On imagine mal, en parcourant ce
quartier maintenant en demi-sommeil, qu'il y a eu jusqu'en 1970 des liaisons
transatlantiques régulières avec la ville de Valparaiso au Chili
grâce à la Pacific Steam Navigation Compagny basé à
Liverpool. Dans le même ordre d'idées beaucoup de familles rochelaises
ont des liens familiaux avec des ressortissants des U.S.A. La raison est simple
: de l'après-guerre mondiale à 1962 une base de militaires
américains était installée à La Pallice, faisant travailler
par leur présence une partie non négligeable de la population locale.
Quand De Gaulle, dans un grand élan nationaliste, a demandé à
l'état major yankee de l'époque de quitter la France, de nombreuses
jeunes femmes du cru mariées à des GI'sont spontanément parties
avec leurs époux militaires pour une Amérique perçue comme pleine
de promesses et d'avenir. Pour l'anecdote un ami, krypto pour ne pas le nommer,
eu la visite cet été de Christophe, un grand gaillard de 30 ans, le
fils d'une de ses grandes tantes partie en 1962. Ce jeune homme était venu
à la recherche des origines françaises de sa maman. Ça a
été très émouvant pour krypto de nouer des liens avec un
membre éloigné de sa famille 100 % made in U.S.A, s'exprimant dans un
français hésitant et avec une ressemblance morphologique
certaine.La Pallice,
qui est finalement plus une ville à part entière qu'un quartier, a
gardé, malgré sa déshérence économique, ce
particularisme si fort de toute zone portuaire, où qu'elle soit dans le
monde... et moi ça m'a toujours fait rêver ! J'adore l'ambiance des
docks industriels, traîner sur les quais derrière le boulevard de la
Soif, même si parfois certains recoins ont la réputation, à juste
titre, d'être plus ou moins malfamés à cause de multiples petits
trafics qui donnent des poussées d'urticaires aux agents des douanes
installés sur le site ! Il ne m'est jamais rien arrivé de
désagréable, aussi peut-être parce que ce territoire m'est
familier depuis si longtemps. Le monde de la marine marchande et surtout leurs
codes de comportement sont sans doute un peu frustres, mais jamais gratuits :
l'imbécile de service qui vient jouer les Marlon Brendo d'opérette,
pour frimer devant sa nouvelle copine, en allant chercher des noises à de
solides bonhommes ayant passé 3 mois en mer sans escale, n'aura que ce
qu'il mérite s'il repart en slip. Faut pas les chauffer les matelots...

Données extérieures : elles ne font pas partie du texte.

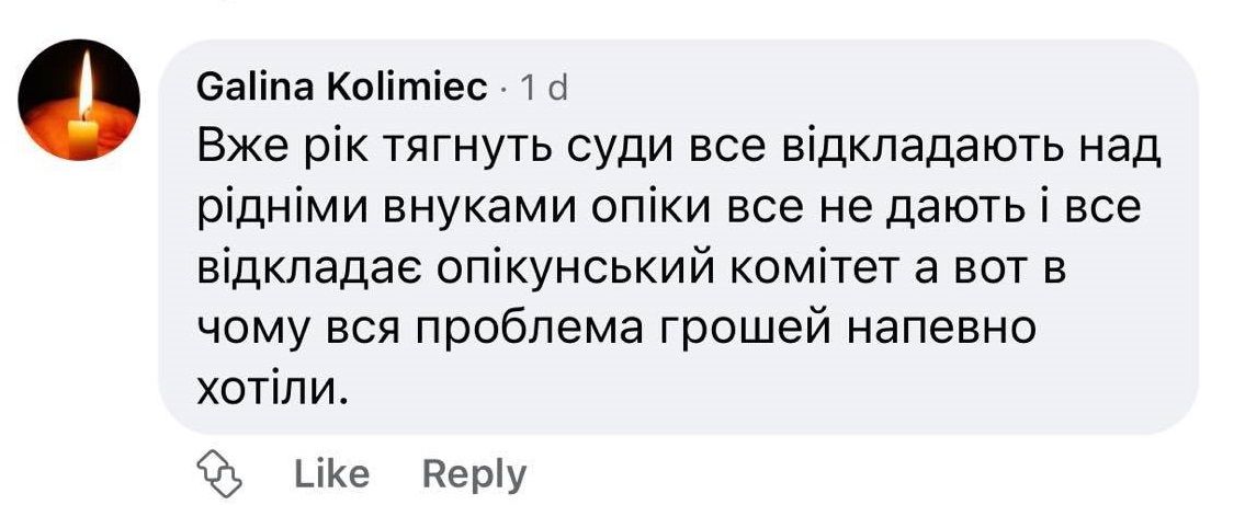 “Вже рік тягнуть суди, все відкладають. Над рідними внуками все опіки не дають. Ось в чому проблема, грошей напевно хотіли”, - зазначають люди в коментарях на сайті ВСІМ.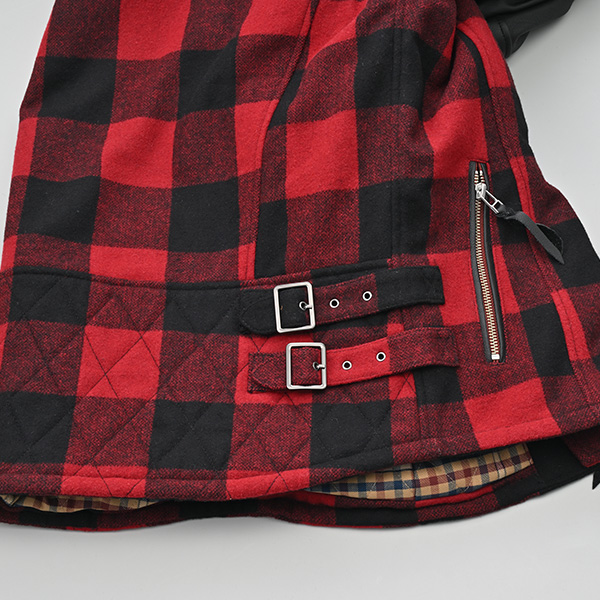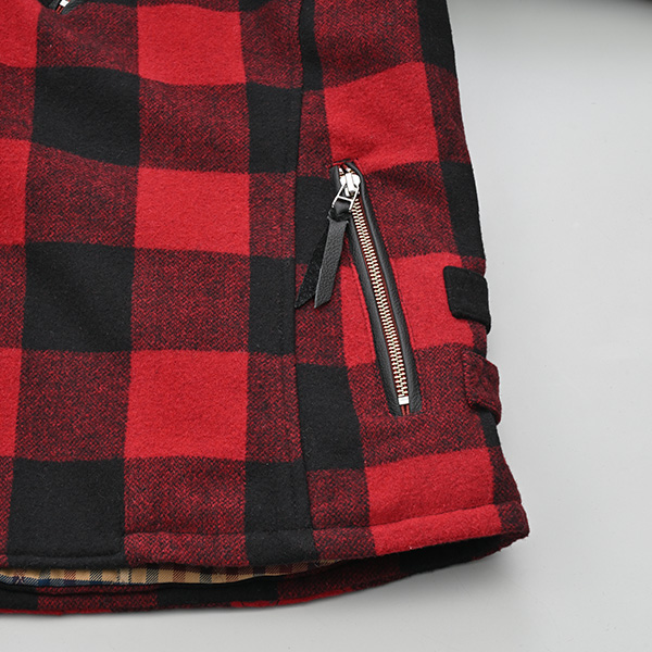 身頃裏には起毛したチェック生地に中綿をキルティングして防寒性を高め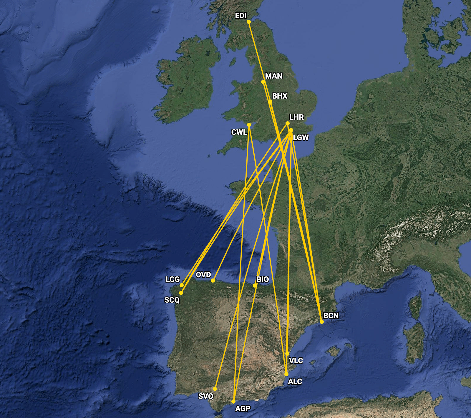 (LHR)ビルバオ空港(バイオ)とサンティアゴ・ロサリア・デ・カストロ空港(SCQ)へのサンティアゴ・デ・コンポステラにサービスを提供し、両方の空港がスペイン北部にあります。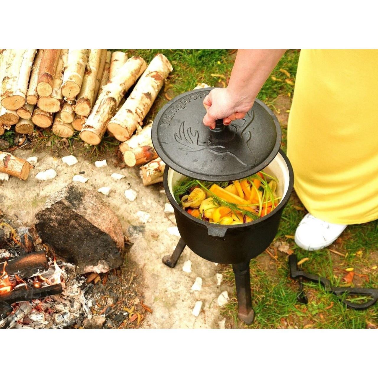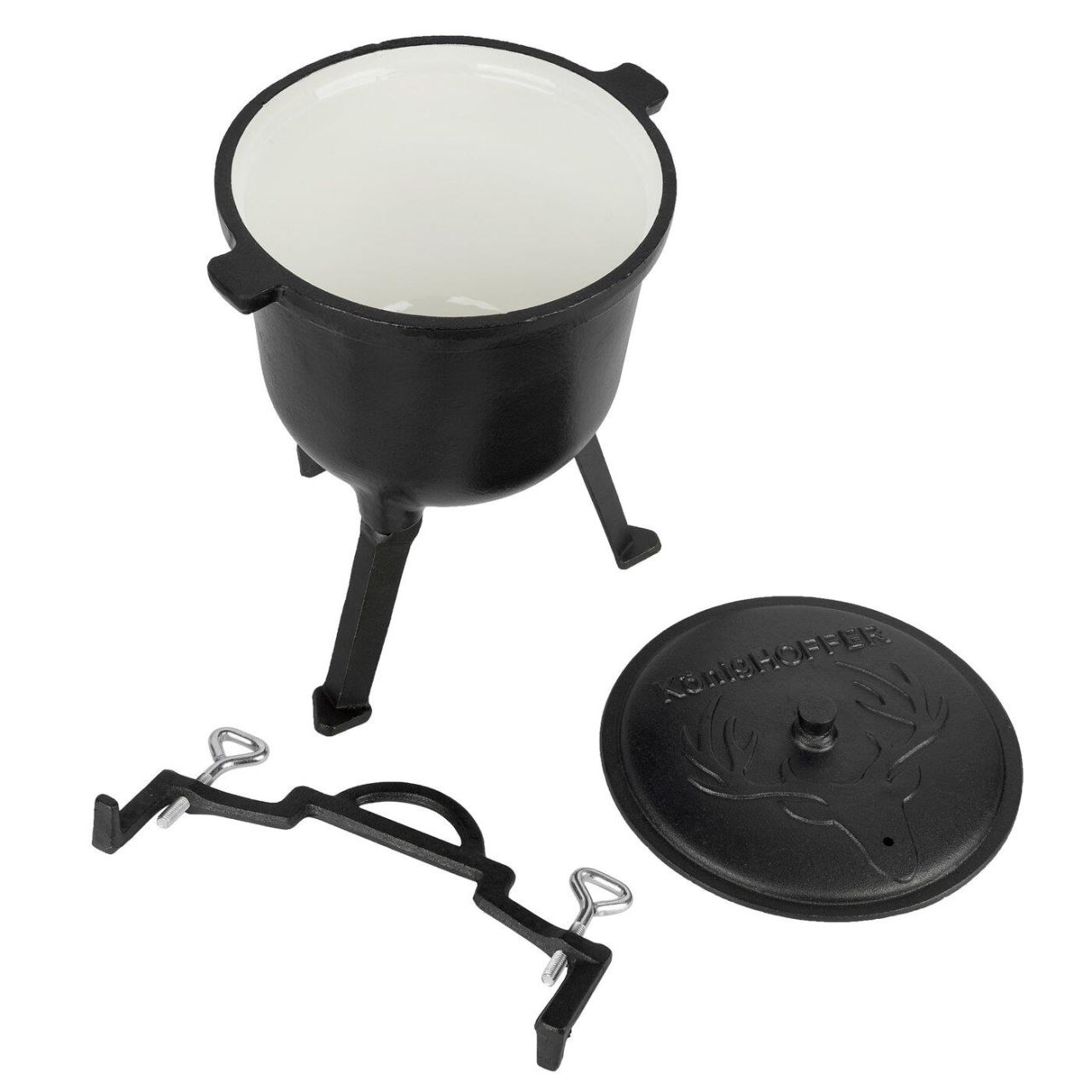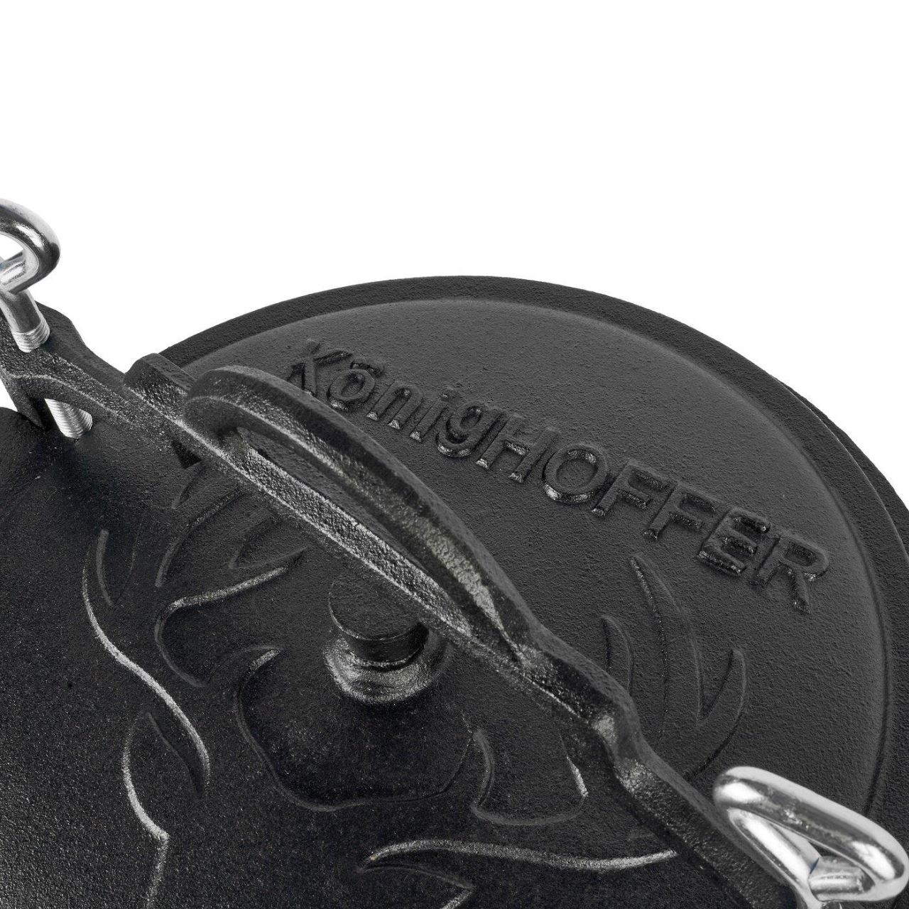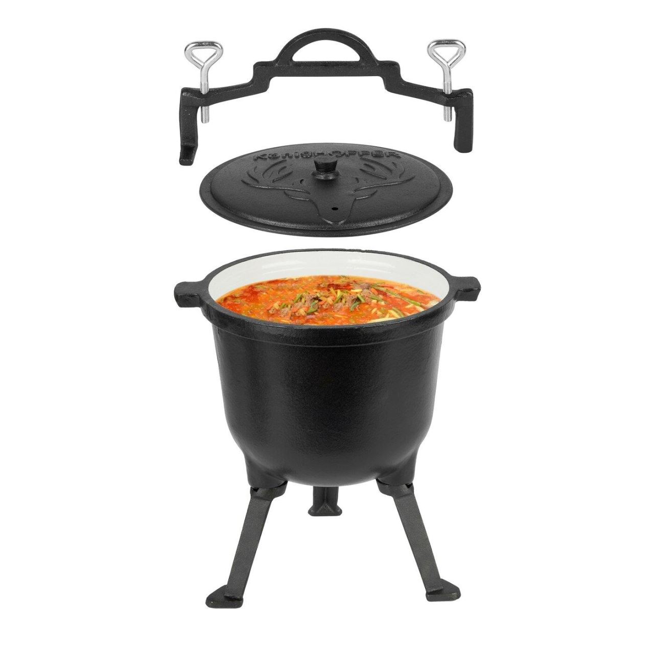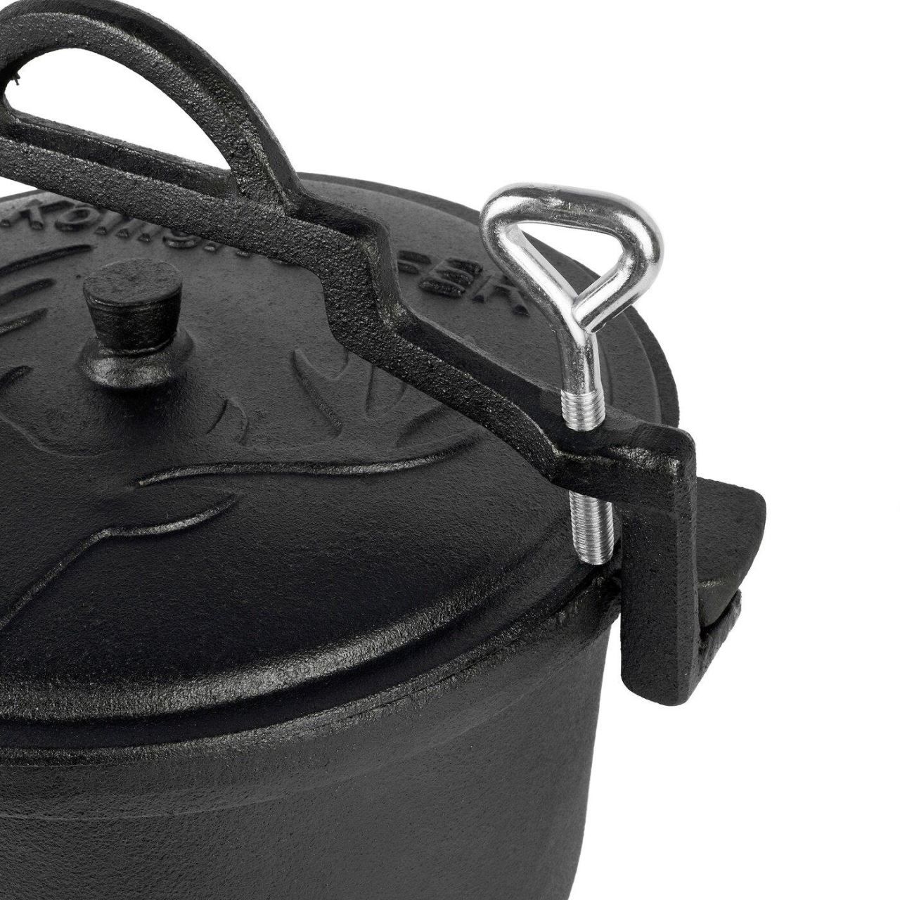 Setul include si picioare asortate care permit o fixare stabila a produsului pe sol, un capac din fonta si un maner pentru a transporta acest model sau a-l atarna peste foc.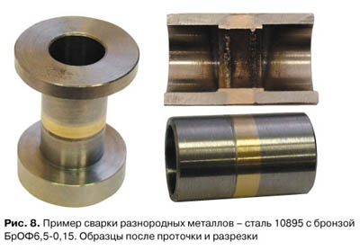 иллюстрирует возможности лазерной сварки разнородных металлов. При мощности лазера 1500 2000 Вт можно выполнять качественные соединения сталей с бронзами с толщинами стенки около 3 мм и тоже самое для меди при толщине до 2,5 мм.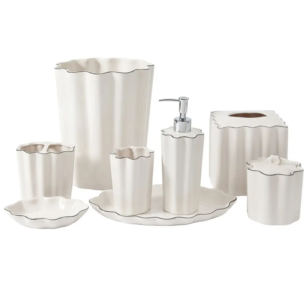 Le Marais Bath Accessories Collection is crafted from fine porcelain. Each piece features an scalloped design with black-trim detail on top. Imported.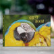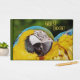 Uma bela Macaw amarela e azul brilhante olha para você. Texto na coluna para nome e data do evento.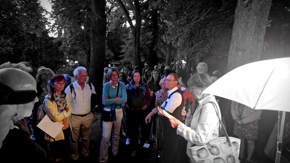 Dazu gehört es auch, an Tote zu erinnern und Lebensgeschichten wachzuhalten, vor Ort auf dem Friedhof, in einem angedachten Friedhofsmuseum und künftig auch virtuell, wenn die Mittel es hergeben. Jährlich gibt es aus diesem Anlass auch einen langen Abend der Friedhofskultur, stets zu Sommeranfang am längsten Tag des Jahres und jeweils auf einem anderen Friedhof in Berlin. An ausgewählten Gräbern werden kurze Vorträge über die Biografien und gesellschaftliche Denkanstöße der dort Beigesetzten gehalten, manchmal werden auch Musikstücke gespielt, wenn dort ein Komponist oder Instrumentenbauer beerdigt liegt, Texte von Literat:innen und Philosoph:innen vorgetragen oder kleine Theaterminiaturen aufgeführt, die auf dort Beigesetzte zurückgehen. Der Zulauf ist beachtlich, das Interesse an den Lebensgeschichten groß. In diesem Jahr kam alles jedoch anders.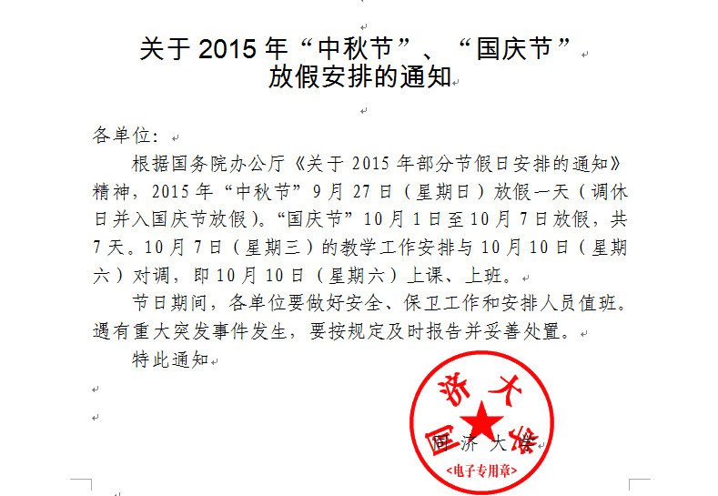 关于2015年“中秋节”、“国庆节”放假安排的通知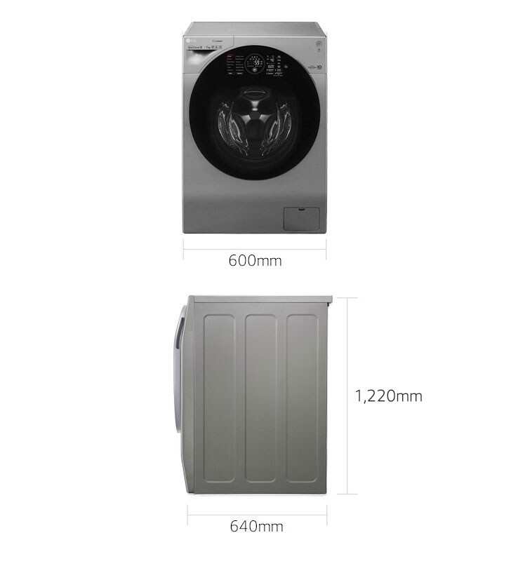 غسالة ومجففة، 5/9 كجم، محرك الدفع المباشر 6 حركات، تقنية العمل بالبخار، إمكانية إضافة قطع الغسيل، تقنية ThinQ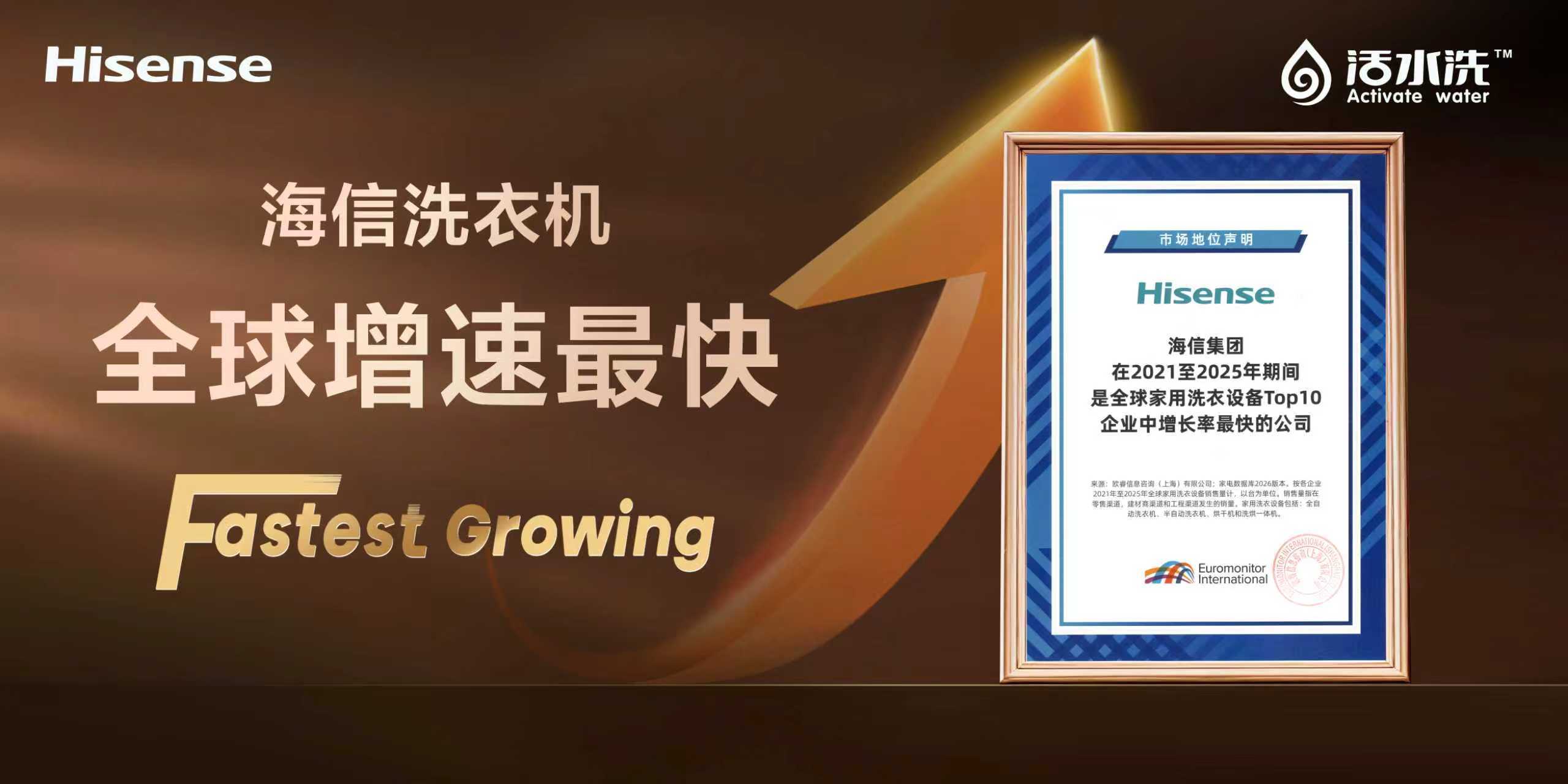 在全球洗衣机市场竞争日趋激烈的背景下,海信洗衣机逆势而上,跑出了令行业瞩目的“加速度”。在海外,海信洗衣机已销往全球140多个国家和地区。2025年6月,其在英国的市场份额突破11%,跃居行业第一;在克罗地亚、塞尔维亚等国份额超过30%,稳居当地市场前三。在南非,海信洗衣机实现从行业追赶者到量额双第一的跨越式增长。在全球范围内,海信洗衣机获欧睿国际认证为近五年全球TOP10中增速最快公司(2021-2025)。

d'autant moins que la première chose qu'ils font en arrivant à terre,
c'est d'ingurgiter de grosses quantités d'alcool fort. La Pallice est un no
man land exempté de badauds, car ici on est au bout du monde avec des mecs,
qu'ils soient simples dockers, remorqueurs ou commandants de bord qui sont des
gens avec des vies difficiles : ils travaillent dur, passent la plus grande
partie de leur existence sur des ponts de navires quelque soient les conditions
climatiques. Mais paradoxalement, malgré la noirceur apparente de cet
univers, i l y a une vraie poésie des lieux avec le cliquetis des grues de
déchargement, les sirènes au timbre profond des cargos, les signaux
magiques du sémaphore du môle d'escale, la cohabitation de plusieurs
langues parlées par des centaines de marins en transit. Les Ukrainiens et
leurs chansons si belles et si tristes, les Turcs imperturbables, à la
malice très orientale, les Africains rigolards et magouilleurs. Petit monde
clos où existe une vraie solidarité, à condition d'y avoir fait
ses preuves.
Je peux comprendre que l'on
ait quelque réticence à apprécier La Pallice pour des raisons
d'ordre esthétiques ou bien morales. Ici pas de belles perspectives
historiques peuplées de bourgeois rochelais bon teint, juste le va et vient
incessant de gros camions de fret et les sourires tarifés des putes que
l'on aperçoit dans la pénombre de trois ou quatre bars
décorés de lumières criardes. Pourtant j'ai souvent
rencontré dans les quartiers populaires qui bordent les deux grandes
artères principales des parcours étonnants de femmes fatalistes mais
résolues, d'hommes opiniâtres aux mains calleuses et de gosses rieurs
et démerdards; tous remplis de bien plus d'humanité et
d'authenticité que dans les salons feutrés et suffisants du
centre-ville.Bien
sûr les esprits raisonneurs me rétorqueront avec beaucoup d'à
propos que ce petit monde, aux existences laborieuses et précaires, ne
représente pas la majorité de la population Pallicoise. Bien sûr
! Mais qu'ils soient médecins, chômeurs, commerçants, dockers ou
simples résidents, tous ont une certaine fierté à habiter et
vivre dans cet endroit. La Pallice est la plus belle ville moche que je
connaisse avec ce supplément d'âme de ceux dont la ligne de vie et
d'horizon est une déclinaison de bleus azurés et maritimes dont ils se
nourrissent.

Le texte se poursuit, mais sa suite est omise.